Limitations & Future Work

  • Only two models (Llama3.2-3B and Llama3.1-8B) were evaluated, excluding larger \(70\text{B}+\) scales or proprietary models like GPT-4.
  • Multilingual translation relies on GPT-4o, which may introduce systematic translation bias (especially in low-resource languages).
  • No direct comparison is made with gradient-based methods (e.g., ROME/MEMIT), making it difficult to evaluate the relative competitiveness of ICL-based methods.
  • Portability queries in WikiFactDiff are constructed based on automated knowledge graph reasoning, which may introduce noise.
  • Focusing solely on factual knowledge editing, the study does not cover the editing of reasoning rules or commonsense knowledge.
  • vs ROME/MEMIT: Gradient-based methods modify specific parameters, which is computationally expensive and inapplicable to closed-source models. The ICL-based method in this work introduces zero parameter updates but exhibits limited cross-lingual transfer capabilities.

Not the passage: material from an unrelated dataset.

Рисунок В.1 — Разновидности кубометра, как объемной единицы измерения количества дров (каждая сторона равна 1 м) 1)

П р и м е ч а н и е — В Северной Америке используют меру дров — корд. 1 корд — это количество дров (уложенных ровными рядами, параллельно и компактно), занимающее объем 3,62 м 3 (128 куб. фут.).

  • vs ReMaKE: ReMaKE leverages retrieval-augmented generation for cross-lingual KE, but only targets batch editing scenarios, whereas this work covers a broader range of editing settings.
  • vs Beniwal et al. (EACL 2024): Prior cross-lingual KE works cover limited languages. This work scales to 53 languages and systematically analyzes the impact of legislative linguistic properties.

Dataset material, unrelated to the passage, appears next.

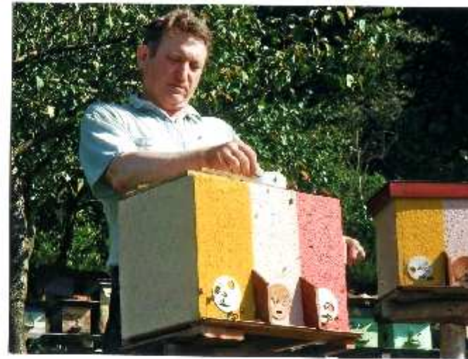
CHOVNÁ STANICE 2012

  • vs Multilingual ICL Studies: Lai et al. (2023) study the multilingual capabilities of English-centric LLMs, whereas this work focuses on cross-lingual transfer specifically in knowledge-editing scenarios.

Rating

  • Novelty: ⭐⭐⭐⭐ The first multilingual KE benchmark of this scale; the insights on script types are innovative.
  • Experimental Thoroughness: ⭐⭐⭐⭐ 53 languages, 3 datasets, 4 setups, and multi-dimensional analysis of linguistic attributes, though with a limited variety of model architectures.
  • Writing Quality: ⭐⭐⭐⭐ Clearly structured with progressive multi-dimensional analyses and rich diagrams.
  • Value: ⭐⭐⭐⭐ Directly contributes to the cross-lingual NLP and knowledge-editing communities, and the benchmark itself is highly reusable.